(Stored entries)
■ ■ ■ ■ ■
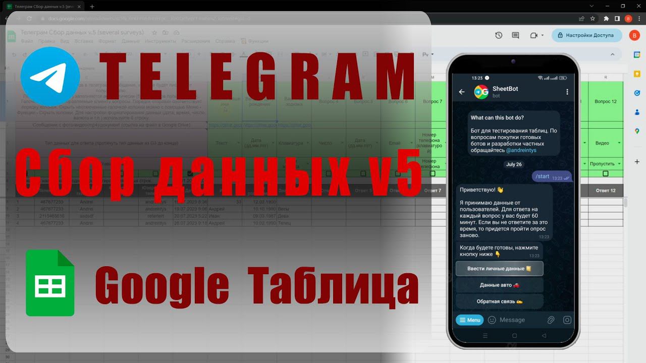 🤖 Протестировать бота https://t.me/my_sheetbot Это краткий обзор функционала полной версии таблицы по сбору данных через telegram бота. Главное отличие этой версии от предыдущей, что можно создать до 12 опросов и подключить их к одной google таблице и одному telegram боту. Все опросы линейные, не подразумевают вариантов в зависимости от ответа. Как и в предыдущей версии, в этой версии (v.5) пользователю можно задать неограниченное количество вопросов, запросить его номер и местоположение, отправить в вопросе фото/видео/документ, указать проверку вводимых данных, передать клавиатуру в вопросе, включить "белый" лист, принимать файлы от пользователя и сохранять их на google диск, отправлять отчеты о заполнении таблицы, делать рассылки. Вопросы, которые будет задавать бот пользователю, вы настраиваете самостоятельно. Также бот записывает telegram id, имя, фамилию и никнейм пользователей. Все работает полностью на бесплатных платформах (google и telegram). Никаких абонентских плат и т.п. Вы получаете полностью рабочий инструмент в свое распоряжение: таблица и код принадлежат вам после покупки. ©️ ✔️ Стоимость таблицы - 5999р Чтобы купить таблицу, заказать разработку телеграм бота или google таблицы для ваших нужд свяжитесь со мной в телеграм: https://t.me/andreintys Ссылка на обзор полного функционала таблицы https://youtu.be/gvPTMxZb4J0 Другие продукты https://sheetbot.ru/ Обучающие видеоуроки по созданию чат ботов телеграм в плейлисте https://youtube.com/playlist?list=PLkg5Sg9aqn7WQLfO0rEN7Q7mhuQiQ4XK4 Вопросы можно задать в группе телеграм: https://t.me/googlesheetstelegram 00:00 - Вступление, краткое описание 00:28 - Первый опрос (Личные данные) 00:44 - Данные авто 01:07 - Обратная связь 01:18 - Настройки и ссылки
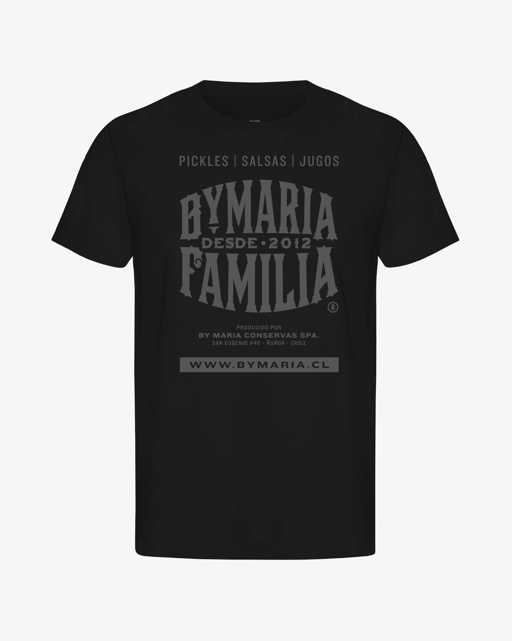 Polera en negro con serigrafía en gris oscuro. El contraste entre ambos tonos crea un acabado que destaca la simplicidad del diseño. Base sólida que se integra fácilmente en cualquier guardarropa.
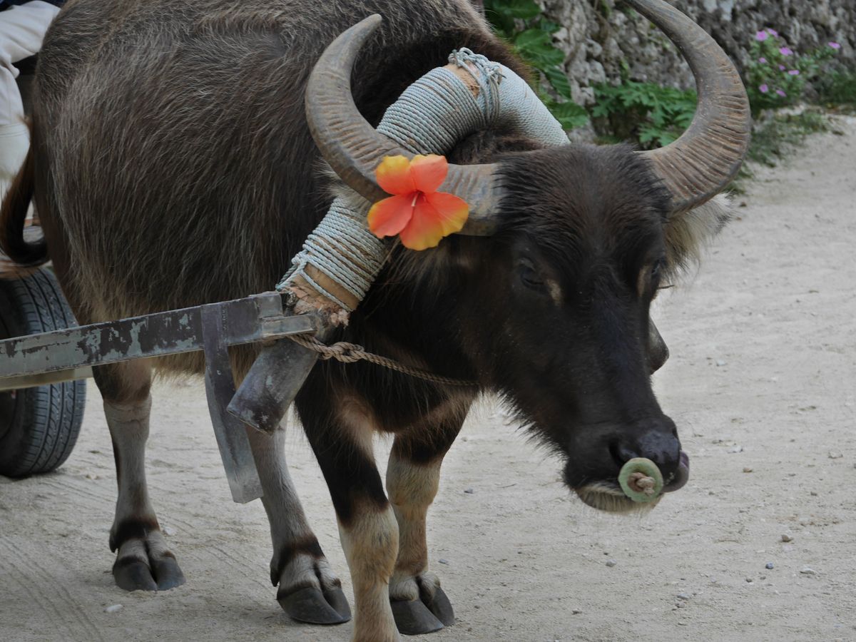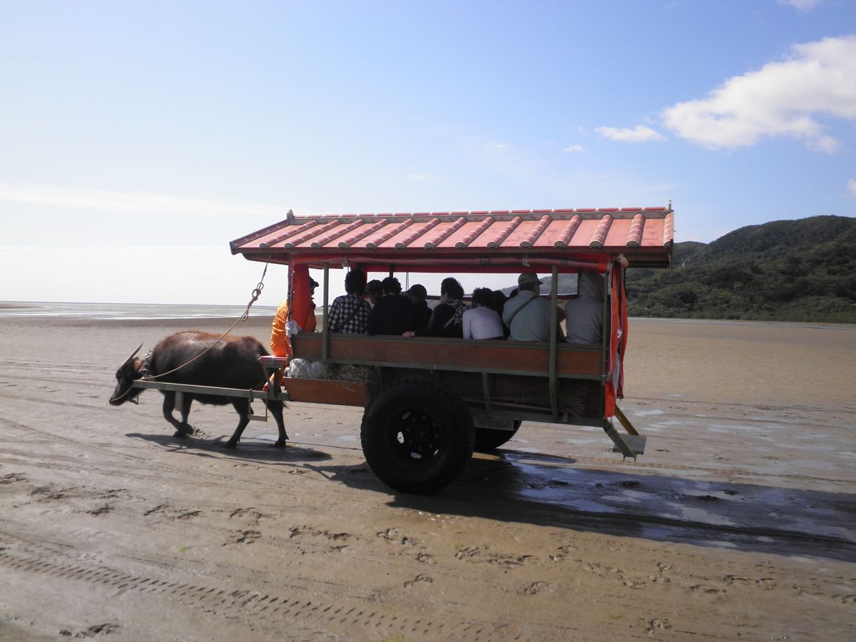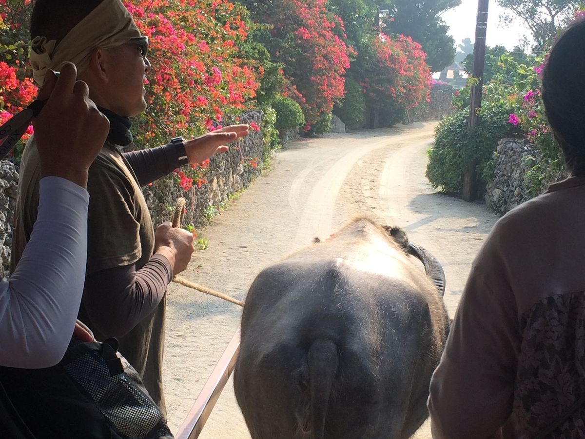 西表島から由布島まで水牛車で渡りました。週休2日で働く水牛の話を聞き、まるで私たち人間と同じ世界だと感じました。是非話を聞いてみてください。
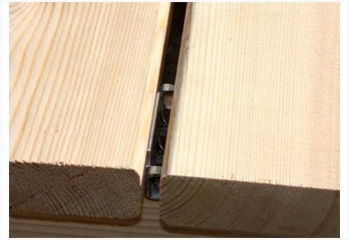 - Кое-какие виды лаг имеют паз на всей протяженности, который позволяет вставить клеммы из резины. Такие приспособления действенно действуют при температурных расширениях материала. Особые усики разрешают компенсировать зазор между досками. К тому же они окажут помощь выставить равномерный зазор по все длине доски.
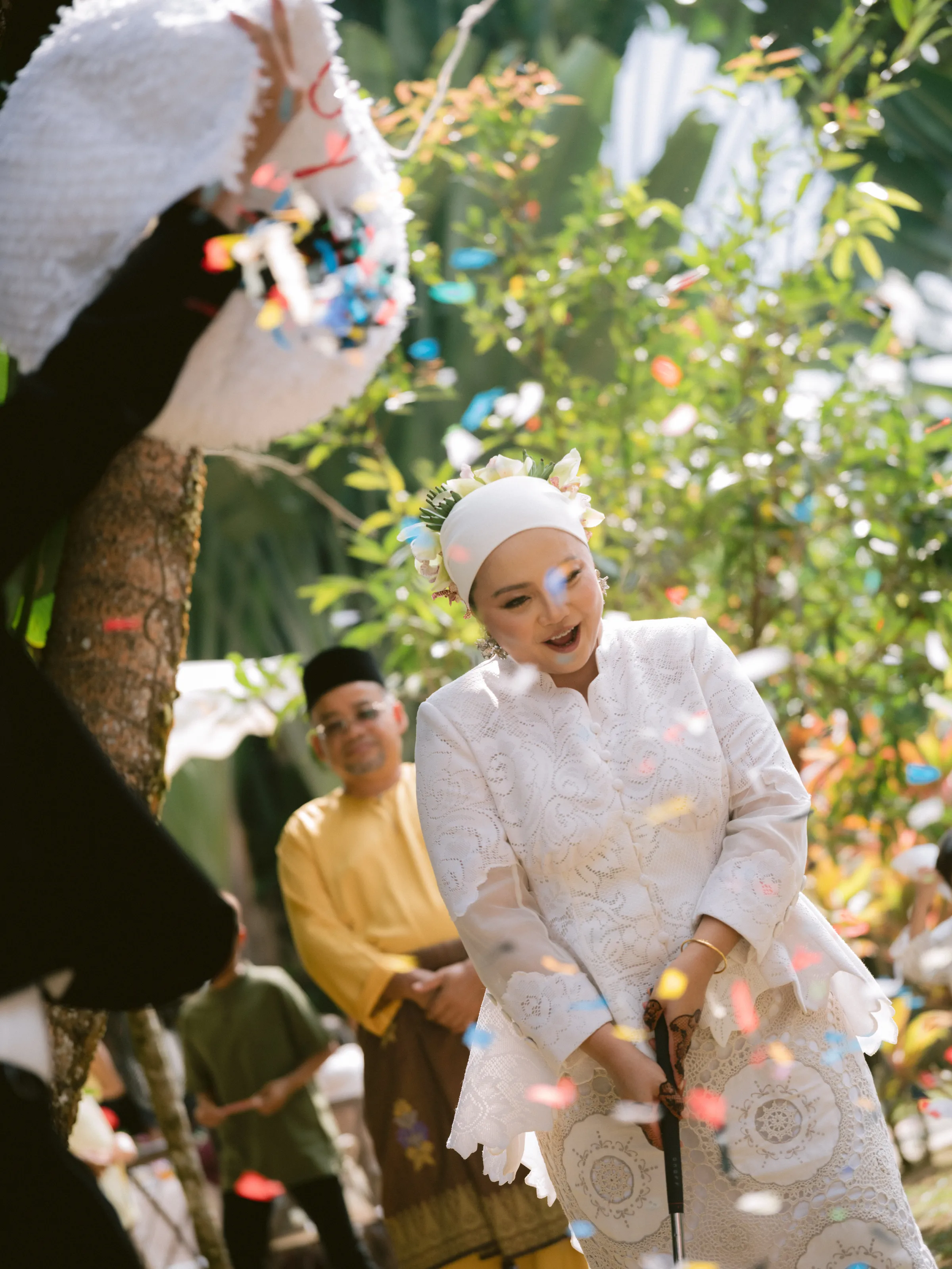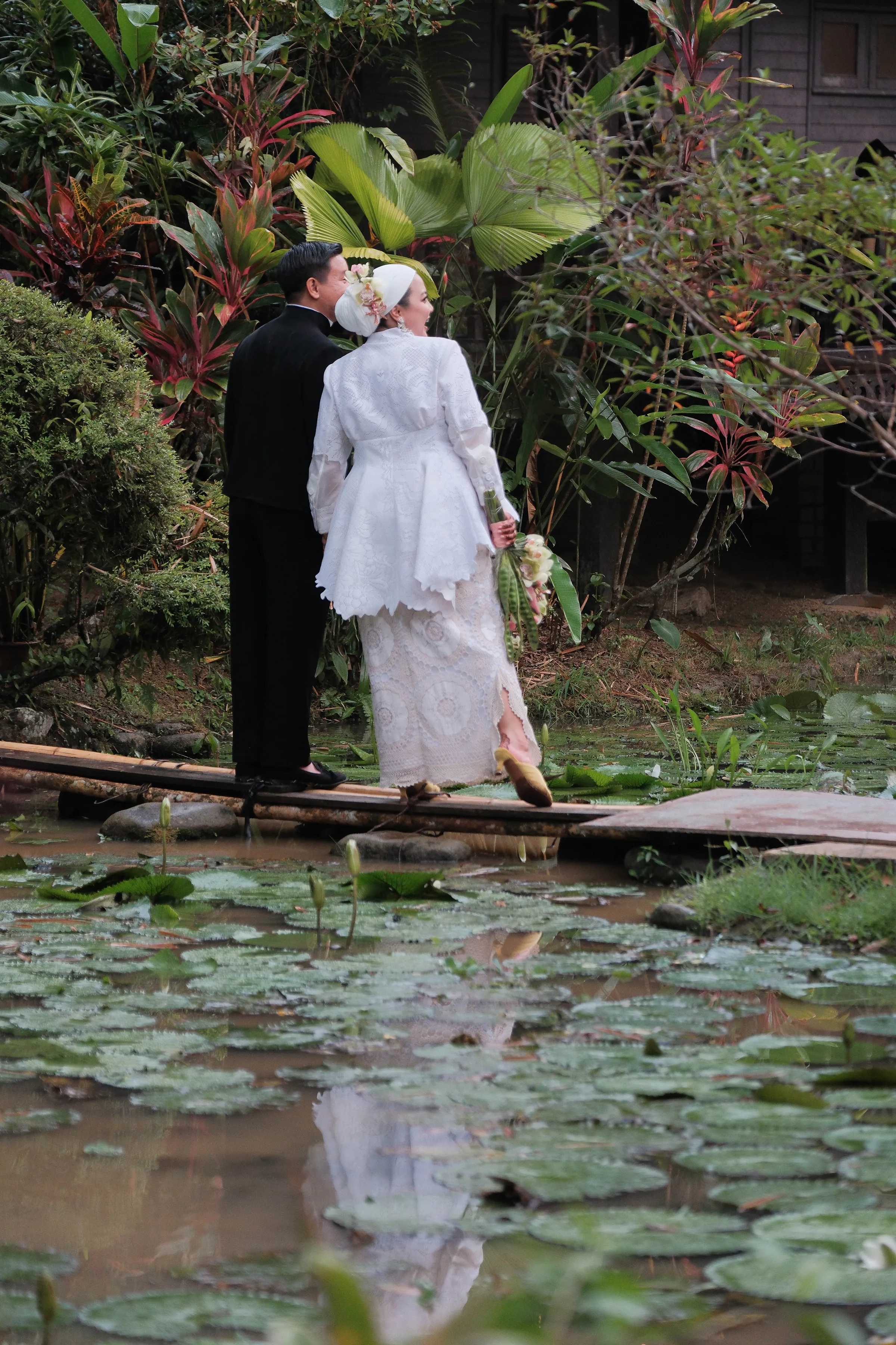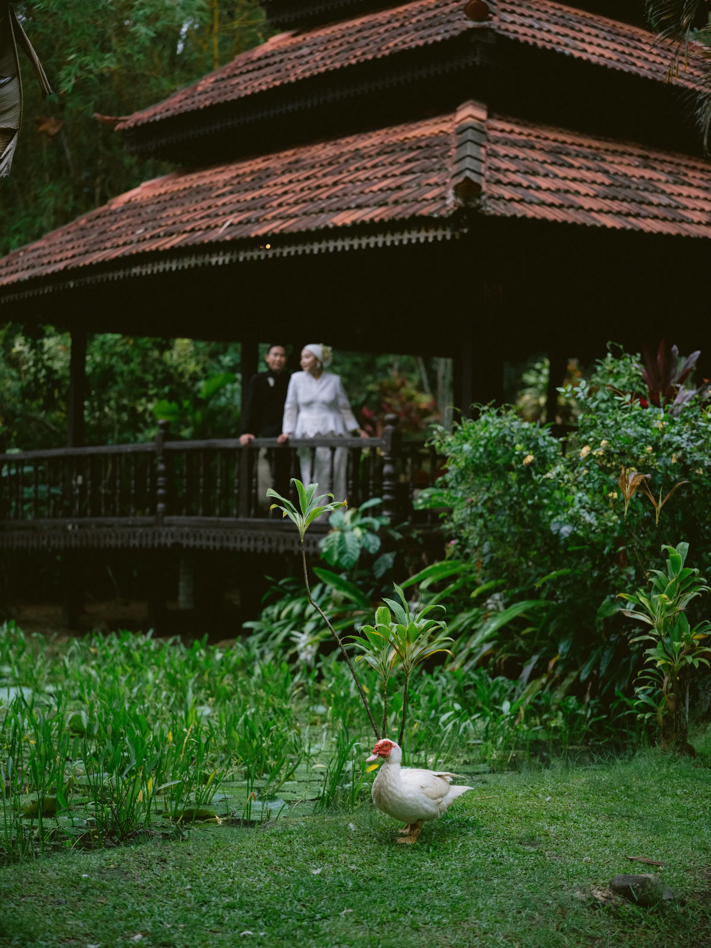 The aesthetic of the wedding drew unmistakable inspiration from both kampung life and royal heritage. Nature was both the canvas and the decor: lily-filled ponds, dense tropical flora, and wooden walkways created a setting that evoked the romance of a bygone era.
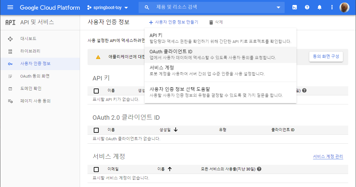 - 사용자 인증 정보 만들기 -> OAuth 클라이언트 ID
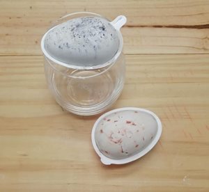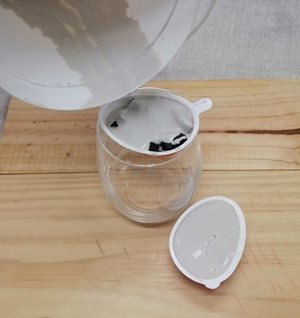 3. Sádru zamícháme s vodou a nalijeme do formiček. Během nalévaní několikrát poklepeme formičkami o stůl, abychom vyhnali vzduchové bubliny z hmoty. Tam, kde vzduch zůstane po zaschnutí, vznikne díra. Necháme sádru ztuhnout.
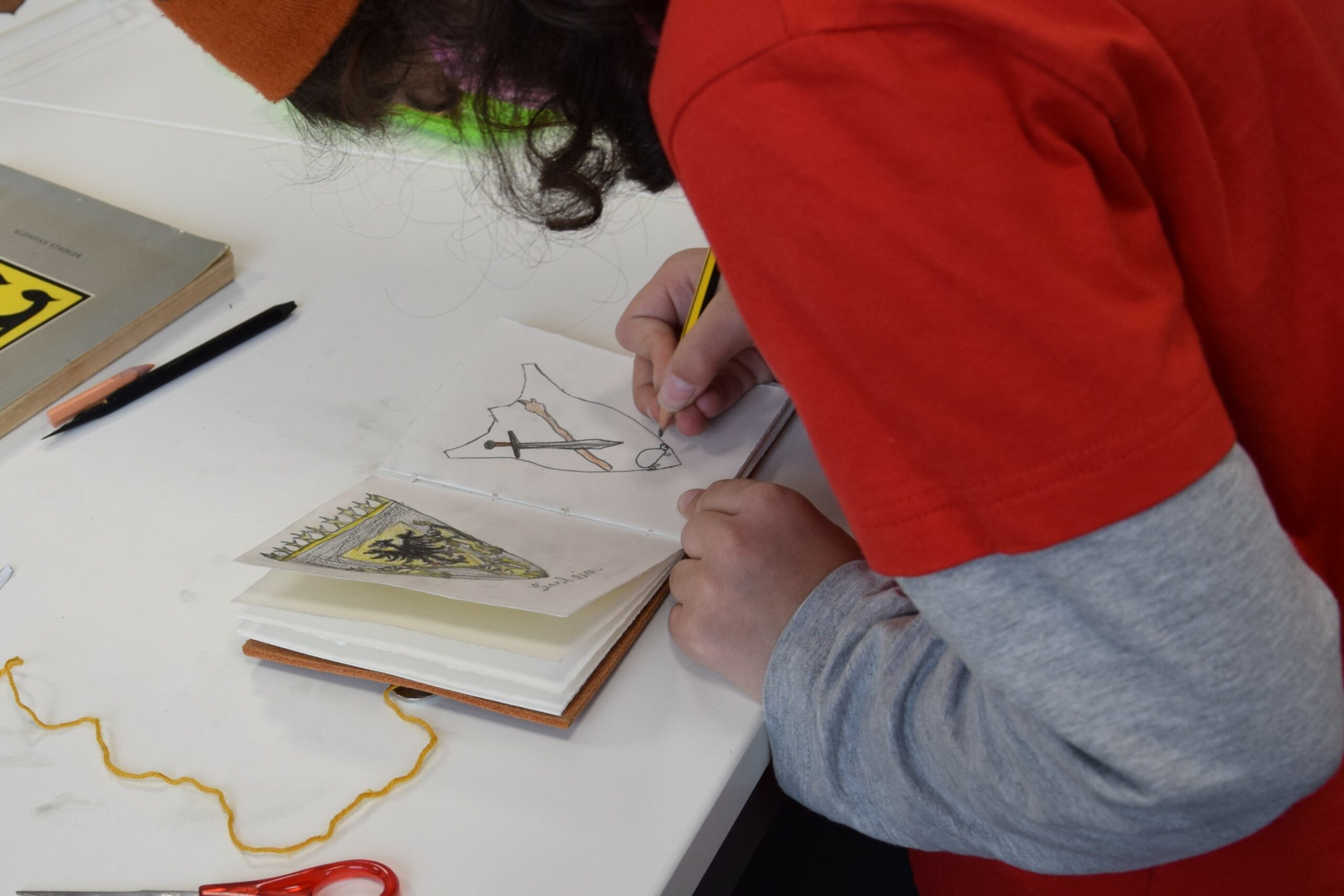 Bild (Stadtmuseum Sinsheim): Wappen wurden gestaltet und im Forschertagebuch verewigt
■ ■ ■ ■ ■
> _EXERCISE_
Write out the records shown above exactly, but do not include any images.

> _ANSWER TO THIS TASK_
 🤖 Протестировать бота https://t.me/my_sheetbot Это краткий обзор функционала полной версии таблицы по сбору данных через telegram бота. Главное отличие этой версии от предыдущей, что можно создать до 12 опросов и подключить их к одной google таблице и одному telegram боту. Все опросы линейные, не подразумевают вариантов в зависимости от ответа. Как и в предыдущей версии, в этой версии (v.5) пользователю можно задать неограниченное количество вопросов, запросить его номер и местоположение, отправить в вопросе фото/видео/документ, указать проверку вводимых данных, передать клавиатуру в вопросе, включить "белый" лист, принимать файлы от пользователя и сохранять их на google диск, отправлять отчеты о заполнении таблицы, делать рассылки. Вопросы, которые будет задавать бот пользователю, вы настраиваете самостоятельно. Также бот записывает telegram id, имя, фамилию и никнейм пользователей. Все работает полностью на бесплатных платформах (google и telegram). Никаких абонентских плат и т.п. Вы получаете полностью рабочий инструмент в свое распоряжение: таблица и код принадлежат вам после покупки. ©️ ✔️ Стоимость таблицы - 5999р Чтобы купить таблицу, заказать разработку телеграм бота или google таблицы для ваших нужд свяжитесь со мной в телеграм: https://t.me/andreintys Ссылка на обзор полного функционала таблицы https://youtu.be/gvPTMxZb4J0 Другие продукты https://sheetbot.ru/ Обучающие видеоуроки по созданию чат ботов телеграм в плейлисте https://youtube.com/playlist?list=PLkg5Sg9aqn7WQLfO0rEN7Q7mhuQiQ4XK4 Вопросы можно задать в группе телеграм: https://t.me/googlesheetstelegram 00:00 - Вступление, краткое описание 00:28 - Первый опрос (Личные данные) 00:44 - Данные авто 01:07 - Обратная связь 01:18 - Настройки и ссылки
 Polera en negro con serigrafía en gris oscuro. El contraste entre ambos tonos crea un acabado que destaca la simplicidad del diseño. Base sólida que se integra fácilmente en cualquier guardarropa.
 西表島から由布島まで水牛車で渡りました。週休2日で働く水牛の話を聞き、まるで私たち人間と同じ世界だと感じました。是非話を聞いてみてください。
 - Кое-какие виды лаг имеют паз на всей протяженности, который позволяет вставить клеммы из резины. Такие приспособления действенно действуют при температурных расширениях материала. Особые усики разрешают компенсировать зазор между досками. К тому же они окажут помощь выставить равномерный зазор по все длине доски.
 The aesthetic of the wedding drew unmistakable inspiration from both kampung life and royal heritage. Nature was both the canvas and the decor: lily-filled ponds, dense tropical flora, and wooden walkways created a setting that evoked the romance of a bygone era.
 - 사용자 인증 정보 만들기 -> OAuth 클라이언트 ID
 3. Sádru zamícháme s vodou a nalijeme do formiček. Během nalévaní několikrát poklepeme formičkami o stůl, abychom vyhnali vzduchové bubliny z hmoty. Tam, kde vzduch zůstane po zaschnutí, vznikne díra. Necháme sádru ztuhnout.
 Bild (Stadtmuseum Sinsheim): Wappen wurden gestaltet und im Forschertagebuch verewigt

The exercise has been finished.